We can list all possible colorings of a row with finitely many red grid points. This is a known statement, it depends on the following: for each \(\displaystyle k\), it is easy to list the colorings that contain exactly \(\displaystyle k\) red grid points (for example, in ascending order by the sum of the absolute values of the coordinates of the red grid points, and where there is equality we arbitrarily decide who comes first). For each \(\displaystyle k\), let this list be \(\displaystyle a^k_1, a_k^2, \ldots\). Then we combine them together somehow, for example like this:

\(\displaystyle a^1_1, a^2_1, a^1_2, a^3_1, a^2_2, a^1_3, a^4_1, \ldots\)

So let \(\displaystyle b_1, b_2, \ldots\) be all possible colorings of a row with only finitely many red fields.
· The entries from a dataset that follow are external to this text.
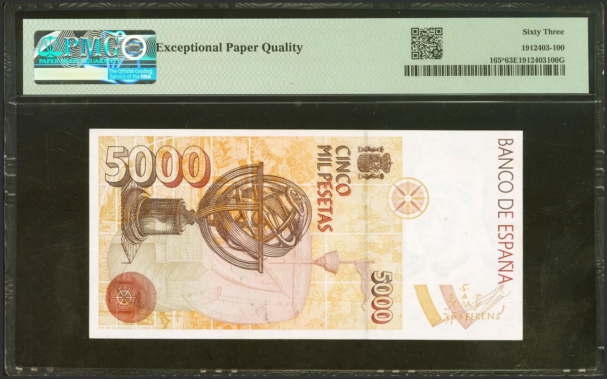 5000 Pesetas. 12 de Octubre de 1992. Serie especial 9A. (Edifil 2021: 484b, Pick: 165*). Raro en esta excepcional calidad. SC. Encapsulado PMG63EPQ.
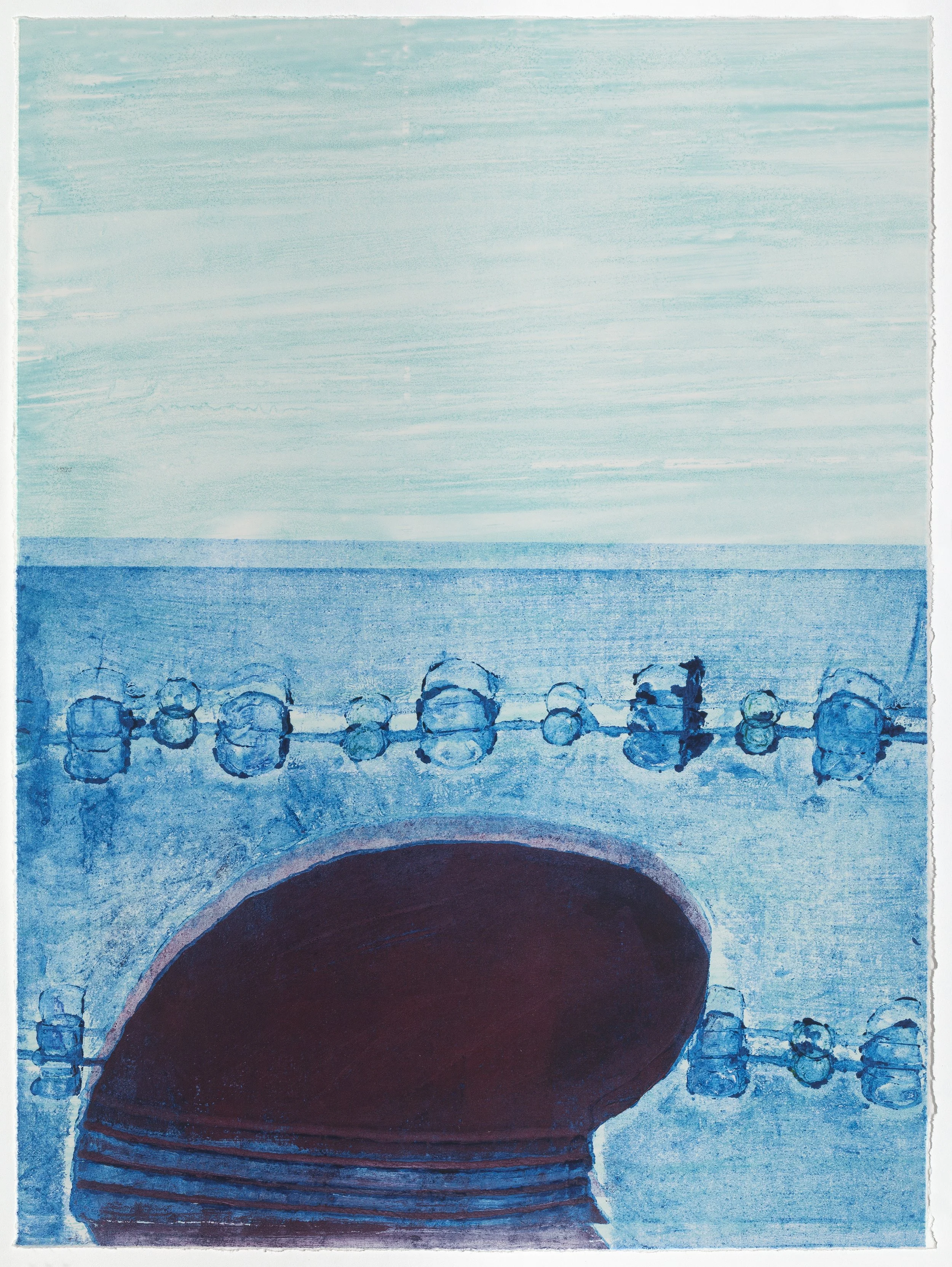 Brooke Stewart Art The Big Swimmers Cap, Deep Water, 2024 Watercolor, oil based collagraph on Arches 88 paper 16.25 x 12 in (41.28 x 30.48 cm)
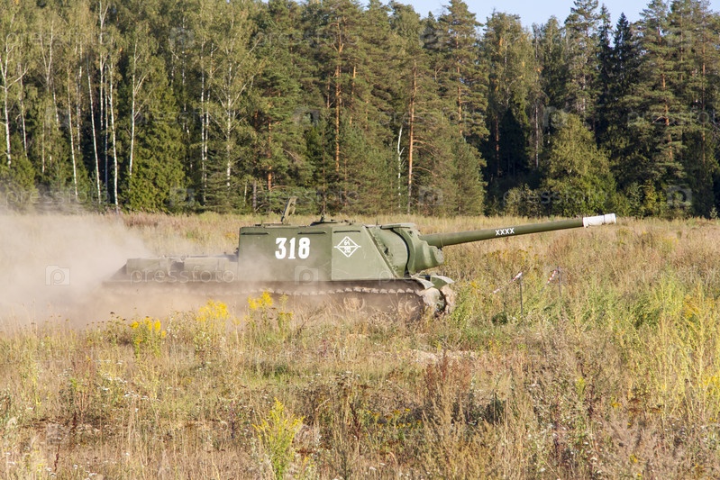 Москва, Россия, 2018-08-25, выставка военной техники, показ военной техники в действии. Военный танк в движении на фоне зеленых деревьев

Also, let's list the even numbers in the following way:

\(\displaystyle 0,2,-2,4,-4,6,-6,\ldots\)

Do the following algorithm. In each step, take the next \(\displaystyle x\) even number in the enumeration, and the next \(\displaystyle b_i\) that we haven't used yet. Color the \(\displaystyle x.\) row by \(\displaystyle b_i\). After that, if \(\displaystyle x>0\), color the \(\displaystyle (x-1).\) row so as to connect the newly colored row with the previously colored ones, this is easy to do, color enough (but finite) consecutive fields in the \(\displaystyle (x-1).\) row so as to connect the \(\displaystyle x.\) and \(\displaystyle (x-2).\) rows. Take care to color the \(\displaystyle (x-1).\) row to something we haven't used yet, but this is easily accomplished by coloring a few more fields in the row red, since we've only colored a finite number of rows so far. If \(\displaystyle x<0\), then similarly, only then the \(\displaystyle (x+1).\) row needs to be coloured as described above to link the new row to the previously coloured ones.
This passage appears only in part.